A comparative analysis of the chromatin accessibility in muscle, liver, and hypothalamus of Bos indicus cattle revealed new insights into the tissue-specific regulation of gene expression with an unprecedented level of accuracy. The integration of transcriptomic data allowed us to indicate, more accurately, possible targets of master regulators in each tissue, including a prediction of their biding sites. Furthermore, the indication of indicine-specific open chromatin regions provides a promising avenue to exploit molecular mechanisms to artificial selection for traits of relevance to the adaptation to tropical and subtropical climates.
Collection of tissue and generation of ATAC-seq libraries
Liver, hypothalamus, and muscle samples were collected from three unrelated, post-pubertal Brahman heifers of similar age and weight as previously described [21,22,23]. Heifers used in this study were managed, handled, and euthanized as per approval of the Animal Ethics Committee of the University of Queensland, Production and Companion Animal group (certificate number QAAFI/279/12). After slaughter, tissue samples were collected as fast as possible and stored at − 80 °C.

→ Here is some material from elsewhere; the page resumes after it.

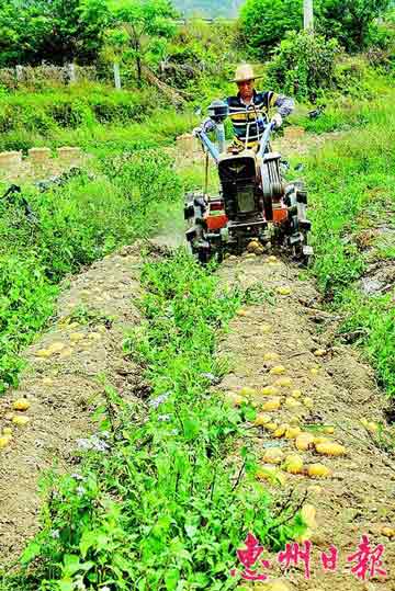 田里产出的粮食仅能维持一家的口粮,平时一家子的生活开销、买化肥的钱从两造稻子里挣不到,“穷得没办法了,就整天琢磨着怎样从田里多挣钱。”张勇球挠挠头说,看到相邻的惠东冬种马铃薯搞得红红火火,有了样板,张勇球就跟村里的伙伴合计,也要种马铃薯,让农闲地忙起来。

ATAC-seq libraries were prepared from frozen tissues using the Omni-ATAC method  with the following modifications. Frozen tissue (20 mg) was ground in liquid nitrogen using a mortar and pestle. The pulverized tissue was transferred to a pre-chilled 2 ml Dounce homogenizer containing 1 ml cold 1× homogenization buffer and homogenized with the pestle until a uniform suspension was seen (10–20 strokes). The homogenate was filtered with a 40-μM nylon cell strainer (BD Falcon) before layering onto the iodixanol solution as described previously . The ratio of nuclei to enzyme concentration was optimized for each sample by performing transposition reactions containing 50,000, 100,000, and 200,000 nuclei with 2.5 μl of tagment enzyme in 50 μl of transposition mix . The transposed DNA was amplified with custom primers as previously described . Amplified libraries were purified using Agencourt AMPure XP beads (Beckman Coulter) and quality controlled using a Bioanalyser High Sensitivity DNA Analysis kit (Agilent). ATAC-seq libraries were sequenced at IMB sequencing facility (University of Queensland) on an Illumina NextSeq 150 cycle (2X 75 bp). Three biological replicates were performed per tissue. This dataset is publicly available at NCBI Gene Expression Omnibus (GEO) under the accession number GSE182909 . All assays were performed according to FAANG guidelines and recommendations, available at http://www.faang.org. The detailed protocol used in ATAC-seq is available at https://data.faang.org/protocol/samples/ROSLIN_SOP_ATAC_Seq_DNAIsolationandTagmentation_Frozen_Muscle_Tissue_20200720.pdf.
Mapping and ATAC-seq peak calling
ATAC-seq data processing and alignment was completed using the Harvard pipeline (https://informatics.fas.harvard.edu/atac-seq-guidelines.html). First, reads quality was accessed using the tool FastQC (https://www.bioinformatics.babraham.ac.uk/projects/fastqc/). After checking no adapter contamination existed, sample reads were aligned to the cattle reference genome (ARS-UCD1.2) using HISAT2 v2.1.0 with -k 10 to allow for multiple alignments . Summary mapping statistics were performed using Samtools flagstat (v1.9) .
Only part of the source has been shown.